Daniel Malan Perspective South Africa Barrick Gold Newmont Mark Bristow John Thornton

Early Days


South African money manager Daniel Malan’s call eight months ago on gold and the shares of large miner Barrick Gold is looking pretty darn good at the moment. Here's an update on how his thinking on the subject has evolved.

Having recently completed an extensive research effort on the subject, Daniel Malan of South Africa’s Perspective Investment Management explained to us at the end of last year [VII, December 30, 2018] why he was generally bullish on gold and specifically on the shares of giant mining company Barrick Gold. He saw in gold a reasonably reliable hedge against a significant equity-market decline, and saw Barrick – which was just closing on its acquisition of industry peer Randgold Resources – as uniquely well managed and well positioned to prosper in a rising gold-price environment. 

 

So far, so good. While equity markets have forged higher, heightened global macroeconomic uncertainty has translated into greater demand for gold, with spot prices increasing from $1,250 per ounce at the end of last year to around $1,500 today. Barrick’s share price – as tends to happen with gold miners – has risen even more rapidly, up more than 45% over the period to a recent $19.30.

 

While Malan has updated one key assumption on Barrick, his theses around gold and the company’s prospects remain fully intact. “When you draw out the time frame to what we actually use, we consider the increase in the gold price and in gold equities as really pretty marginal,” he says. “We’re seeing excess in equity markets, in bond markets and in obscure assets like bitcoin, and the outcome of excess at some point is that people flock to safe-haven assets like gold. That prices have moved a bit in the short term has had zero influence on our conviction in the investment case.” 

 

If anything, he says his confidence level in Barrick’s prospects has increased. Under CEO Mark Bristow, who had run Randgold prior to the merger, and Chairman John Thornton, the company has reduced the size of its board, decentralized top management and put priority on selling off higher-cost, non-core assets.
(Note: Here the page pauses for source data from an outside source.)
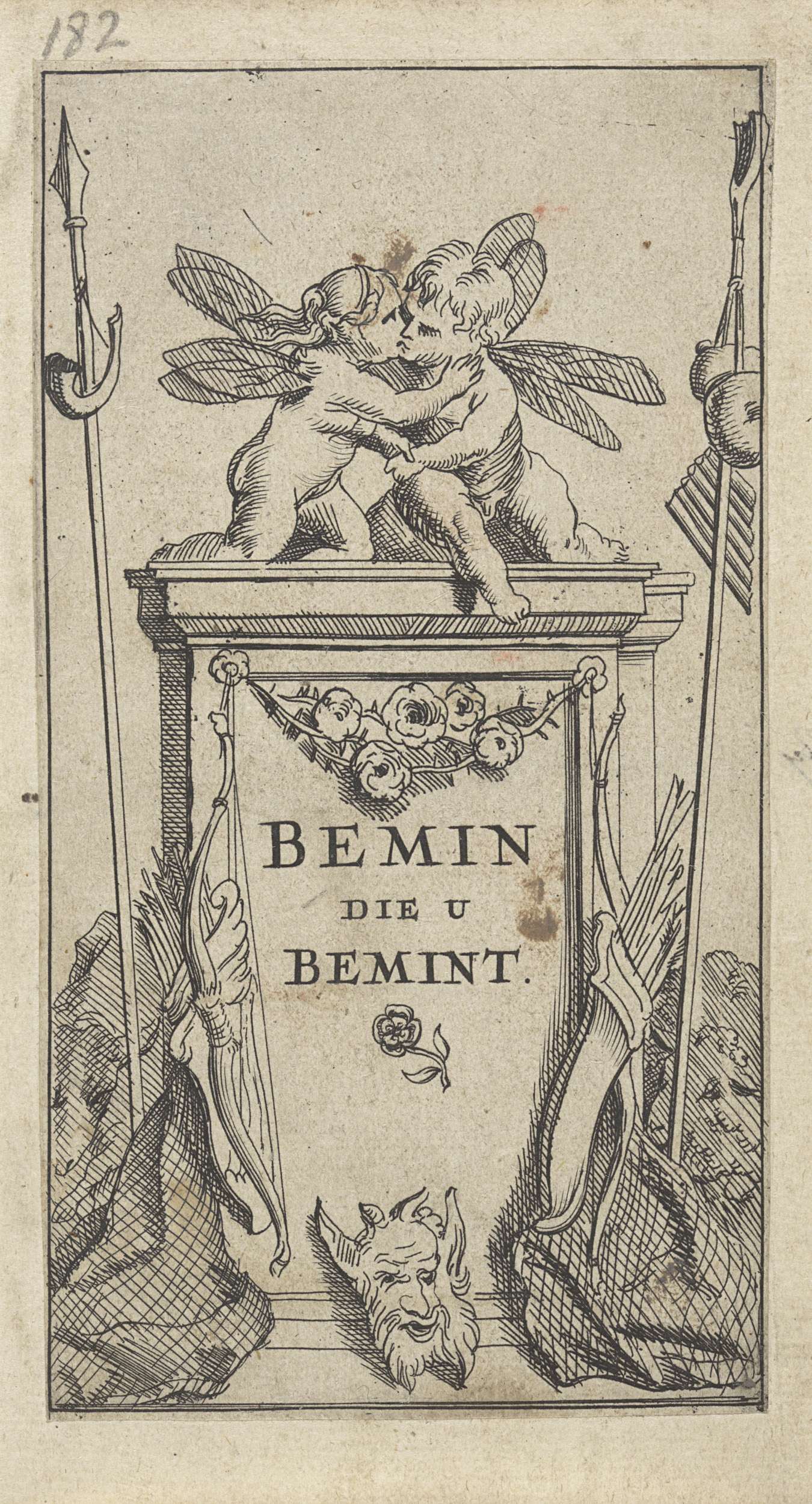 Twee putti omhelzen elkaar op een sokkel
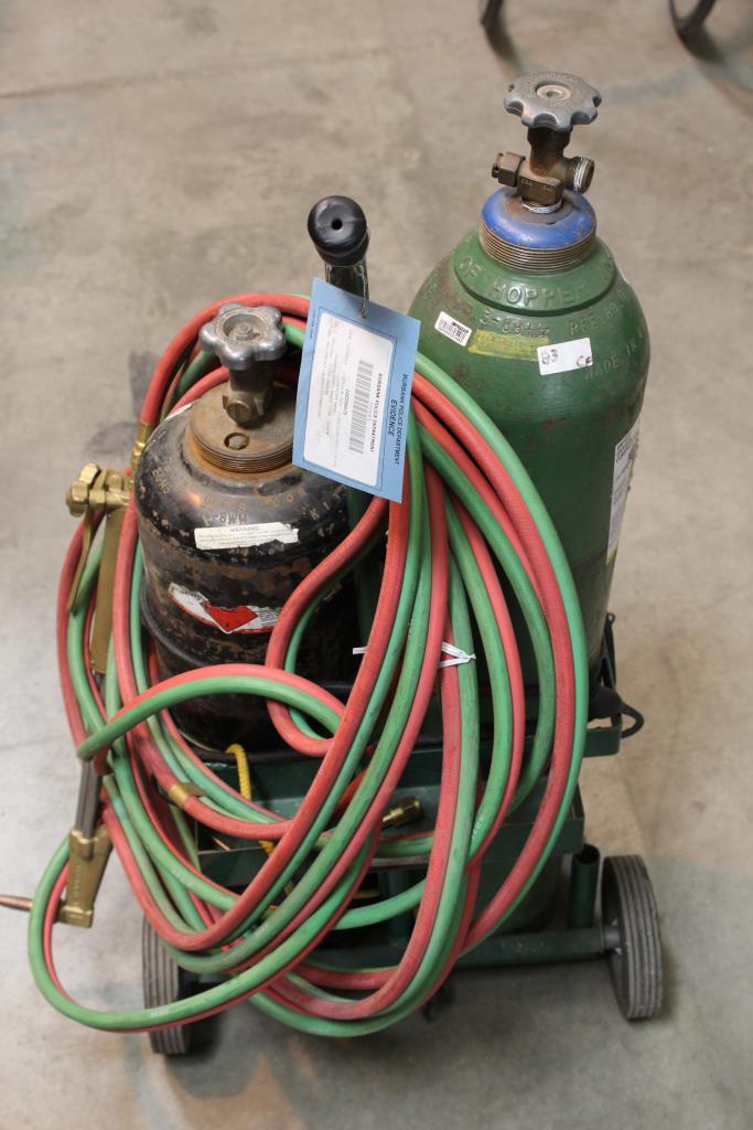 Get a great deal with this online auction for welding equipment presented by Property Room on behalf of a law enforcement or public agency client. - Welding Torch with Tanks, Hoses, and Cart
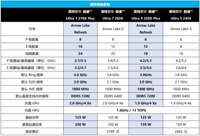 先看处理器本身。这次测试的酷睿Ultra 7 270K Plus和酷睿Ultra 5 250K Plus,属于Arrow Lake Refresh架构的更新。与不带Plus后缀的型号相比,两款新品都增加了4个能效核,Ultra 7 270K Plus的核心总数来到24个,与Ultra 9 285K相同;Ultra 5 250K Plus则达到18个核心。在频率方面,P核与E核的最高睿频也有小幅提升,更重要的是内部互联的Ring频率和D2D频率分别提高了100MHz和900MHz,默认内存支持从DDR5 6400升级至DDR5 7200,这些硬指标的变化直接影响了数据传输延迟和游戏性能。软件层面,英特尔提供了二进制优化技术,通过APO工具开启后,在支持的12款游戏与应用中平均可带来8%的性能增益,最高达到22%。
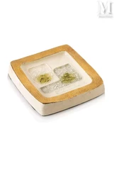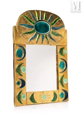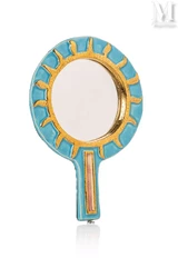 — Mithé Espelt marque son empreinte dans le domaine des boîtes à bijoux, avec des créations originales, comme un modèle en bois teinté noir adjugé 700 euros. Son couvercle, réalisé en céramique émaillée avec des teintes vertes et dorées, présente des motifs géométriques modernes. Elle possède des dimensions de 6,5 x 27 x 10 cm ;

Its joint venture with rival Newmont Mining, announced in March, combines each firm’s extensive Nevada mining operations and is an example, Malan says, of the new-found emphasis he believes top industry players are placing on supply discipline and cost efficiency.

 

In updating what he considers his “realistic” upside case for Barrick’s stock, he continues to assume a $1,700 gold price, 45% margins from earnings before interest and taxes, and a 20x exit price/earnings multiple. He has, however, taken his annual production-growth estimate for the company down from 6% to zero, which he considers a conservative reflection of the age of some legacy Barrick mines and the company’s welcome move to pare high-cost assets. With those assumptions, the company's share price five years out would roughly double from today’s level. 

 

In his “wildly optimistic” case, if gold hit $3,000 per ounce, EBIT margins rose to 50% and the exit multiple hit 30x – where the stock has traded in the past – Barrick’s share price would exceed $100. “Unfortunately, geopolitical risks, equity and bond overvaluation, overall debt leverage and the level of short-termism exhibited by market participants has only increased,” he says. “We think it is still early days in this thesis.”